Forth and Fifth Normal Forms (4NF and 5NF)

While the concepts of Fourth Normal Form (4NF) and Fifth Normal Form (5NF) exist, their practical application is quite limited, and they are rarely used in the industry. Typically, database designs are considered to be adequately normalized when they achieve the Third Normal Form (3NF).


Normalization Example

After comprehending these abstract concepts, it is essential to grasp how normalization translates into the conceptual and logical models.

In the conceptual model, we focus on defining the essential entities and their attributes, as well as the relationships between these entities; The goal is to create a high-level representation of the organization data requirements.

In contrast, in the logical model, we delve deeper into the specifics of how data will be organized and stored within the database; Creating detailed representations of tables, columns, primary-keys, foreign-keys and relationships between tables.
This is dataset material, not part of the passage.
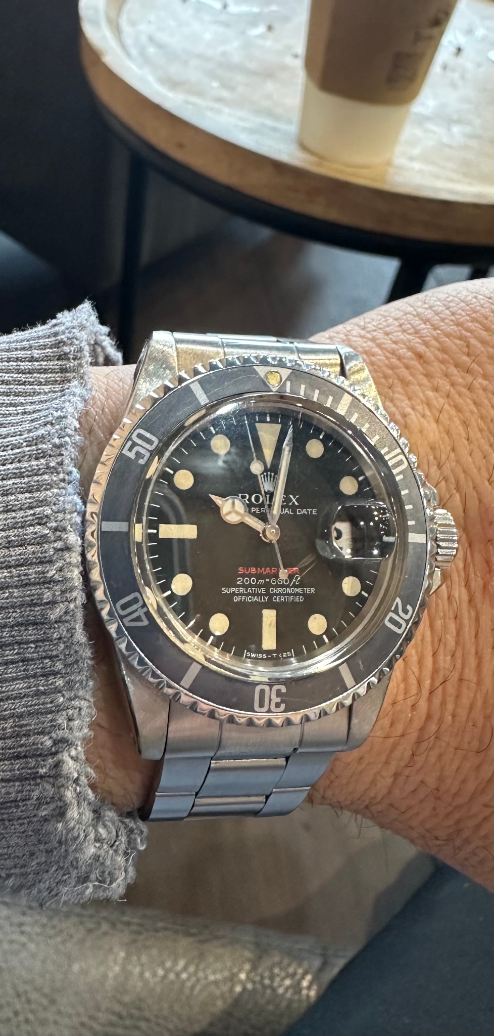 I had a nice red sub for many years but I sold because I hoped to find an earlier MF example that was a bit more patinated. Luckily, this popped up at an auction not too long ago and somewhat to my surprise I ended up with the high bid. It came with a bunch of accessories including service papers from 2011, anchor, hang tags, wallet, literature, period correct box and a punched chronometer certificate that appears to be well-aged so it could actually be original (although I know many of these are faked). The bracelet matches the date inside the case back although it is one link short.

Normalization contributes to these models by guiding us on how to best structure entities, attributes, and relationships; Eliminating anomalies of data, such as redundancy and ensuring a more organized data structure.

Now, let us go ahead and look at some examples.

Initial Database structure

Student table:

StudentID{PK} StudentName Course Instructor
101 Alice Math Dr. Williams
102 Bob Physics Dr. Louis
103 John Math Dr. Williams

NOTE: “PK” means primary-key and “FK” is foreign-key.

  • We have a “Students” table with attributes: StudentID, StudentName, Course and Instructor
  • The table does not satisfy 1NF because the “Course” and “Instructor” columns are not atomic (indivisible) values.

1NF

In 1NF we ensure that each column contains only atomic values, we create separate tables for “Course” and “Instructor”. Now, the “Student” table contains a foreign-key reference to these tables.

Course table:

CourseID{PK} CourseName CourseCredits
1 Math 6
2 Physics 4

Instructor table:

InstructorID{PK} IntructorName Acronym
1 Dr. Williams drw
2 Dr. Louis drl

Student table (after 1NF):

StudentID{PK} StudentName CourseID{FK} InstructorID{FK}
101 Alice 1 1
102 Bob 2 2
103 John 1 1

2NF

In 2NF, we ensure that non-primary-key attributes are fully functionally dependent on the primary-key. To help demonstrate 2NF, I will introduce a new relationship: “CourseRegistration” to handle the registration of students for specific courses.

NOTE: In cases where you have a many-to-many association between tables, it is often necessary to create a new entity, known as a relationship entity in order to properly manage this association. This intermediate entity helps resolve many-to-many relationships in a relational database.

CourseRegistration table:

StudentID{FK} CourseID{FK} RegistrationDate
101 1 2023-01-13
102 2 2023-04-20
103 1 2022-9-19

3NF

In 3NF, we ensure that no non-primary-key attribute is transitively dependent on the primary key. To demonstrate this, let’s introduce a new concept: “Department” to handle the department of each instructor.

Department table:

DepartmentID{PK} DepartmentName
1 Mathematics
2 Physics

Instructor table (after 3NF):

InstructorID{PK} InstructorName Acronym DepartmentID{FK}
1 Dr. Williams drw 1
2 Dr. Louis drl 2

This arrangement satisfies 3NF as there are no transitive dependencies; each non-primary-key attribute (InstructorName, Acronym) depends directly on the primary key (InstructorID), and the department information is now separate.

With this 3NF structure, our database is well-organized, and data integrity is maintained.

Conclusion

We have explored the evolution of information management, from outdated file-based systems to databases. The introduction of DBMS has revolutionized how we create, maintain and control access to data.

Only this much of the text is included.